他虽然想和男人真枪实弹来一次,但第一,他不喜欢强制性欢爱,第二,他可从来没想过让别人上自己哎!

「喂!小子是你对不对?等一下!我有话问你!」箫和连忙喊停。

深吸一口气,按捺住翻腾的血液,箫和又把话重复了一遍。

男子─炎颛停下手,想听听看他想说什么。

「你……怎么找到我的?我是说你是怎么从y市赶到s市的?」箫和双手紧抓自己内裤边缘。

跟你一起来的啊。

等了半晌,不见大男孩回答他。箫和以为他不愿回答这个问题,只好又换了一个。

「你应该知道我是男人,对不对?」箫和很认真地问。

炎颛微微皱眉,不明白对方为什么要问他这个问题。他是男人没错啊。他该不会以为他连雌雄都分不清吧。嗯了一声,算作回答。
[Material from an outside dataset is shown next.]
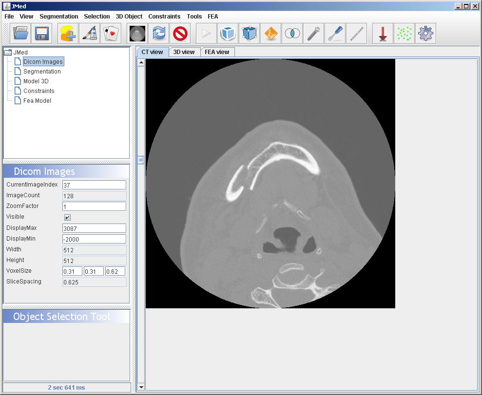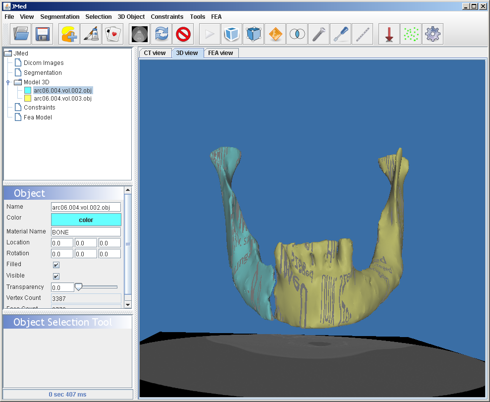 3D view. The cyan colored fragment is moved and rotated back to the position where it might have been before the fracture. Notice the difference to the CT image.

「你看,我是男人,而你也是男人。你家大人有没有告诉过你男人和男人是不能这样的?上次……咳,不好意思,我从你流浪汉身上闻到一股味道,那个味道似乎刺激了我,让我一时胡涂就……呵呵。希望没有让你误解。」

箫和明知对方看不见,还是做出一个笑容。

笑得真难看……炎颛看着箫和的脸心想。

可惜未成年前他无法开口说话,否则他会告诉他:他们种族并不介意伴侣的性别,为了创造出纯血,有时候兄妹姐弟也会成为伴侣。更何况只是为了舒解欲望的存在者。

味道?他说的是什么味道?难道是……

奇怪,人类也通过气味来辨别自己的伴侣么?他还以为只有兽类才会感受到同类间分泌的气体。

炎颛觉得自己似乎对人类的理解还不太够,虽然他学习了很多很多。

感到那个大男孩俯身下来,那股味道更加强烈,强烈到箫和被刺激得喘息阵阵。

看来是真的!炎颛挺起身。

「你能不能从我身上下来?」箫和的声音都在颤抖,这对他的刺激太大了。「我真的不想跟你做……你不是我喜欢的那一类,请你离开。或让我离开也行。」

什么?这个男人在说什么?

他竟然拒绝我!他果然看上别的雄性!这个银荡的流浪汉!

看来上次我让他小瞧了!不过没关系,这次我会让他知道我炎颛的厉害!

他抬起身,拍拍箫和的腰部。

箫和感觉到腰间一轻,以为他被自己说动打算放过他,高兴得连忙翻身爬起。

因为帐篷比较矮,箫和只能双腿跪在地上,捞起地上的衣服抱在胸前,弯身伸手去拉帐篷的拉炼。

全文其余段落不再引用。